• Exercise inputs:
-- -- --

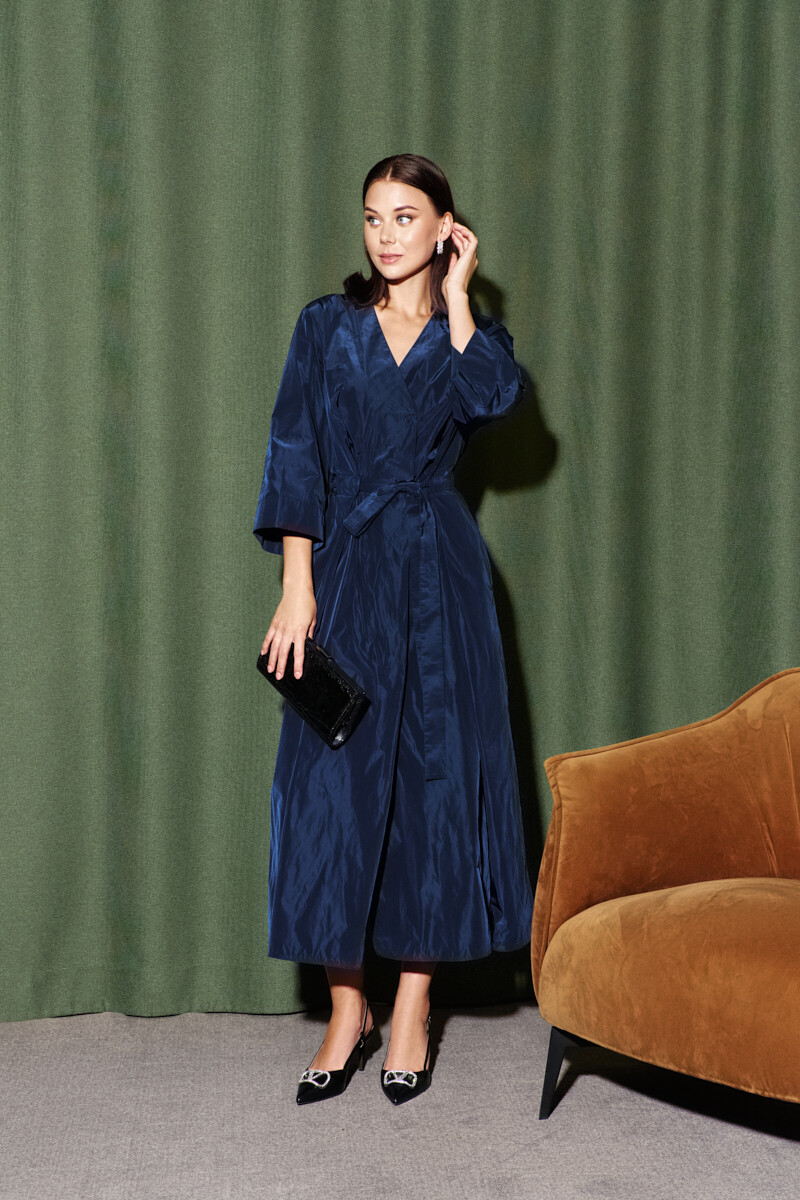 Платье в стиле smart casual выполнено из плащевой ткани. Модель полуприлегающего силуэта со спущенной линией плеча. На передней части застрочены глубокие складки, из которых выходит пояс из основной ткани, завязывающийся на бант. По спинке широкая эластичная лента. V-образная горловина. Рукава свободные, длины 7/8. Для удобства в носке в боковых швах предусмотрены карманы и разрезы.
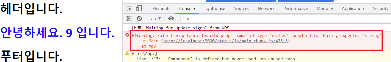 (Warning: Failed prop type: Invalid prop `name` of type `number` supplied to `Main`, expected `string`. at 컴포넌트명)
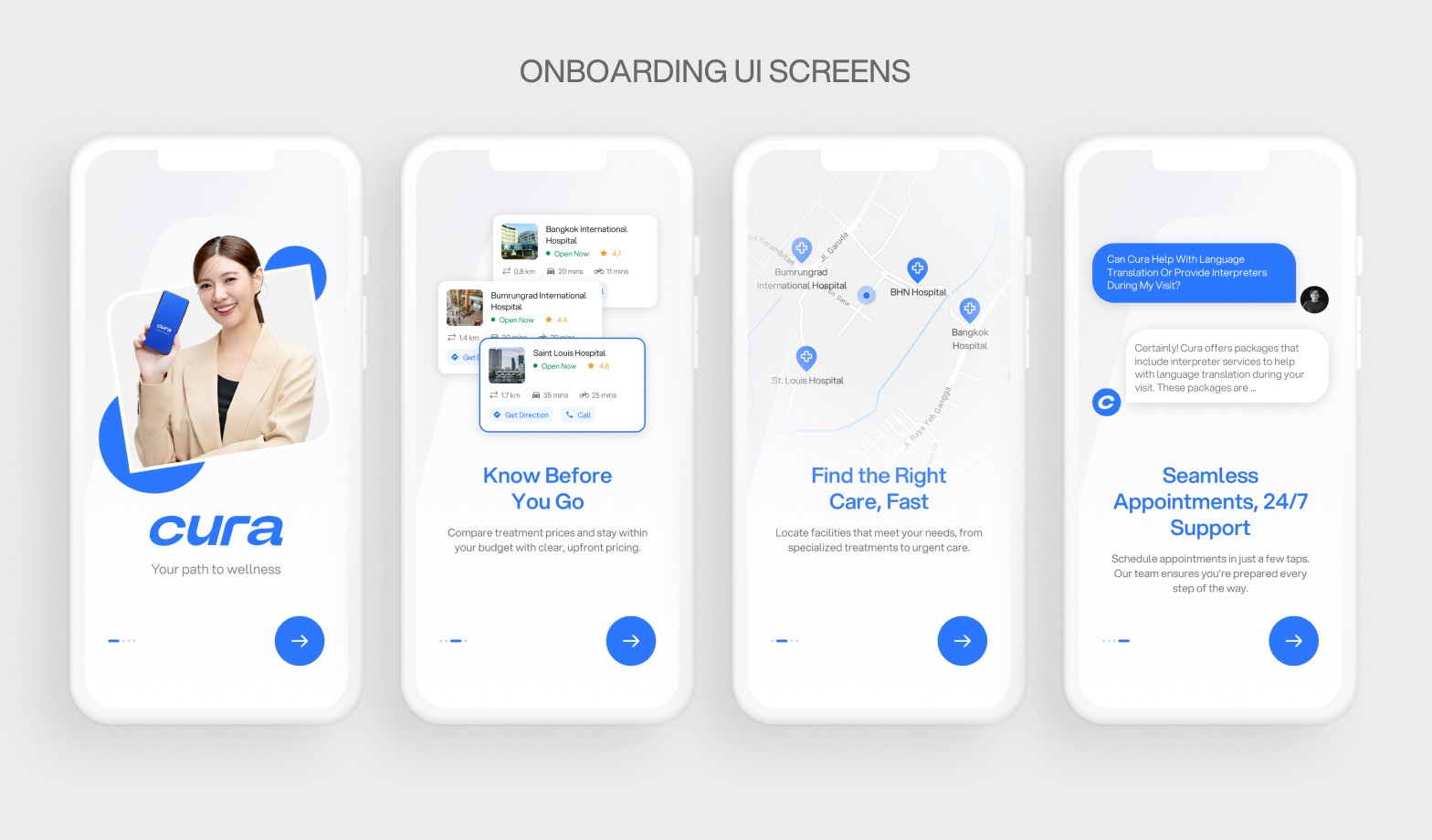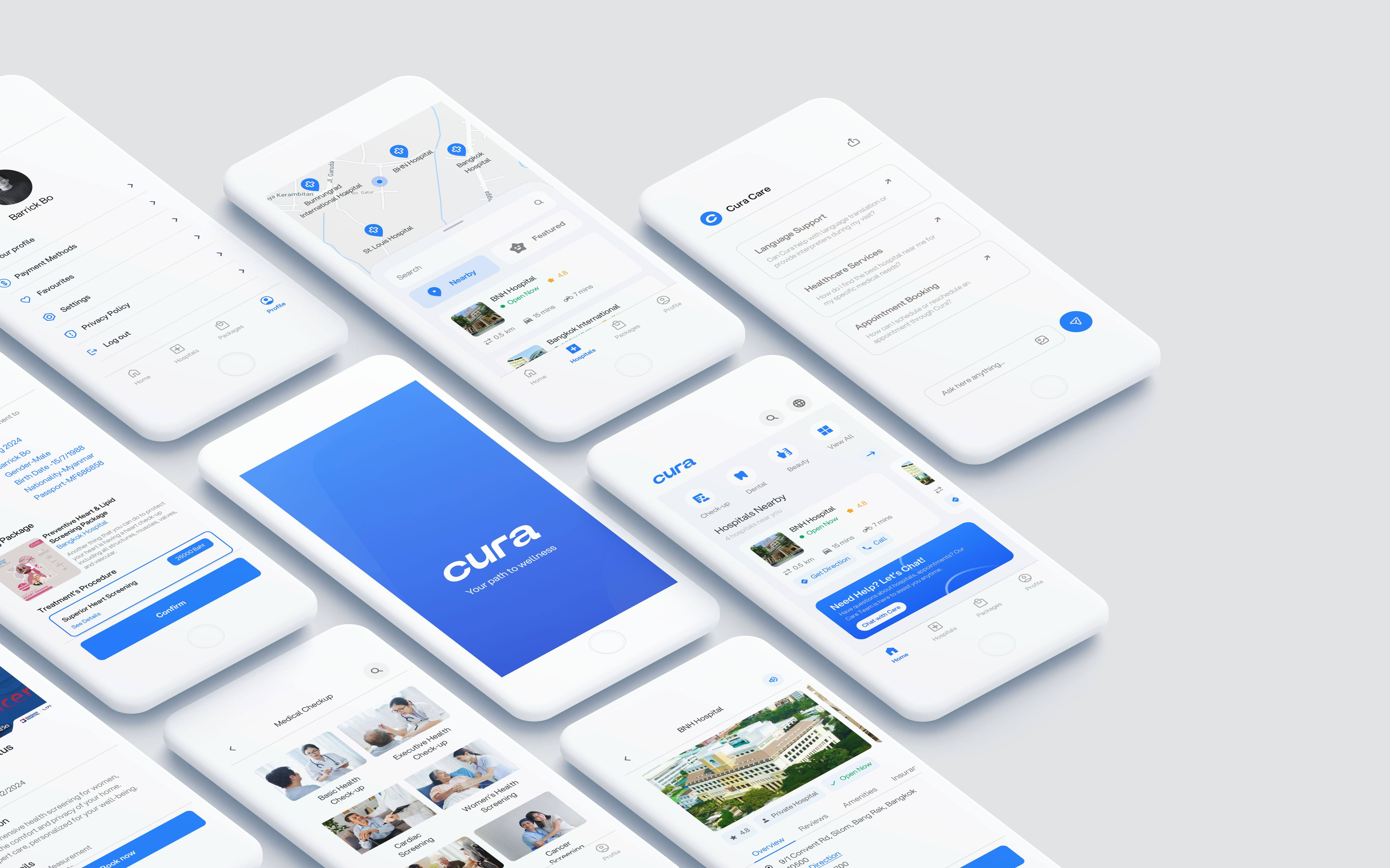 Navigating healthcare as an international patient can be overwhelming, especially when language barriers, unclear information, and inefficient systems come into play. This was the challenge faced by many travelers seeking medical care in Thailand. Cura Medical App was created to simplify the healthcare journey for these international patients. By providing a seamless platform for appointment scheduling, multi-language support, hospital navigation, and insurance integration, Cura bridges the gap between international patients and Thai healthcare providers.
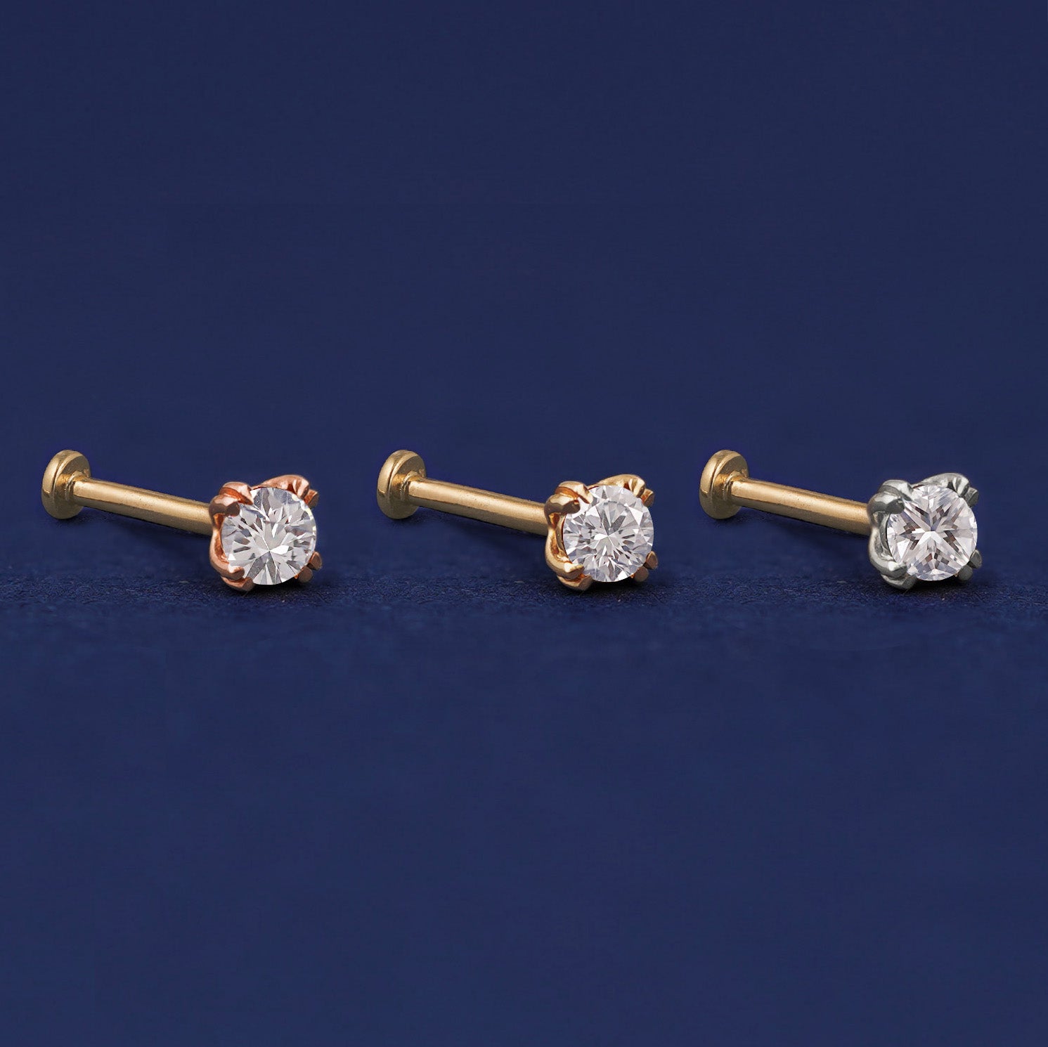 This dazzling, threadless diamond stud piercing is a delicate babe that’s an old soul. Made from recycled solid 14k gold and a reclaimed natural diamond, you can wear this April birthstone earring in good comfort and good conscience. Our flat backs are crafted only in 14k yellow gold to avoid sensitivity.
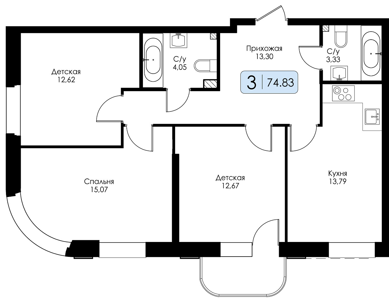 Трехкомнатная квартира №105 с предчистовой отделкой, Корпус № 1.1, Секция 4
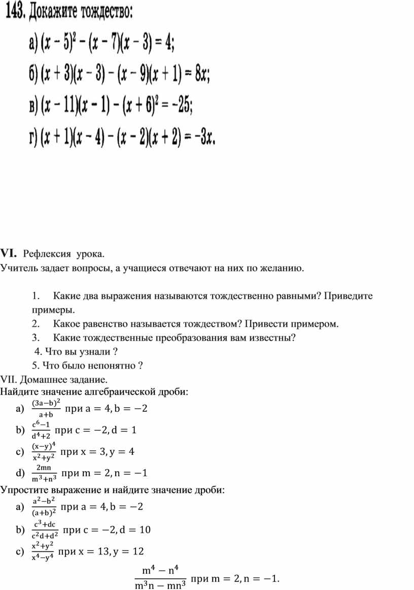 1. Какие два выражения называются тождественно равными? Приведите примеры.
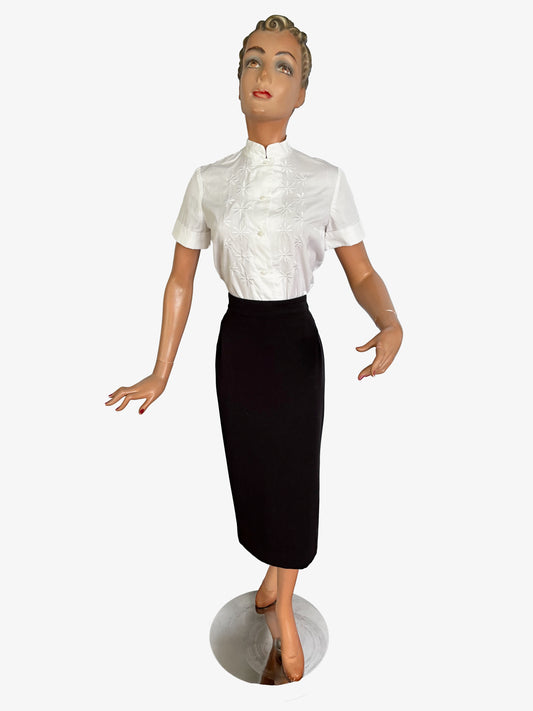 S | 1950s Mandarin Collar Embroidered Cotton Blouse
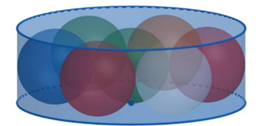 Người ta xếp 7 viên bi là các khối cầu có cùng bán kính \(R = 0,5(cm)\)vào một cái lọ hình trụ. Biết rằng các viên bi đều tiếp xúc với đáy dưới, viên bi chính giữa tiếp xúc với 6 viên bi xung quanh và mỗi viên bi xung quanh đều tiếp xúc với các đường sinh của lọ hình trụ. Thể tích lượng nước cần dùng để đổ đầy bình sau khi đã xếp bi là _______ \(\left( {c{m^3}} \right)\) (làm tròn đến hàng phần trăm). Biết rằng chiều cao của lọ cao gấp \(1,2\)lần đường kính viên bi.
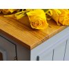 Masivní vitrína PROVENCE je spojením bukového a dubového dřeva. Dubové dřevo (horní deska) je ošetřeno lakem a bukové dřevo je ošetřeno akrylovou barvou v šedomodré barvě. Šuplíky jsou bez pojezdů. Možnost objednání se systémem tichého dovírání (u šuplíků).

-- -- --

• Task to carry out:
Begin at the top of the material above and output each line exactly, stopping after the line that holds "Navigating healthcare as". Leave out pictures.

• Answer for the task:
 Платье в стиле smart casual выполнено из плащевой ткани. Модель полуприлегающего силуэта со спущенной линией плеча. На передней части застрочены глубокие складки, из которых выходит пояс из основной ткани, завязывающийся на бант. По спинке широкая эластичная лента. V-образная горловина. Рукава свободные, длины 7/8. Для удобства в носке в боковых швах предусмотрены карманы и разрезы.
 (Warning: Failed prop type: Invalid prop `name` of type `number` supplied to `Main`, expected `string`. at 컴포넌트명)
 Navigating healthcare as an international patient can be overwhelming, especially when language barriers, unclear information, and inefficient systems come into play. This was the challenge faced by many travelers seeking medical care in Thailand. Cura Medical App was created to simplify the healthcare journey for these international patients. By providing a seamless platform for appointment scheduling, multi-language support, hospital navigation, and insurance integration, Cura bridges the gap between international patients and Thai healthcare providers.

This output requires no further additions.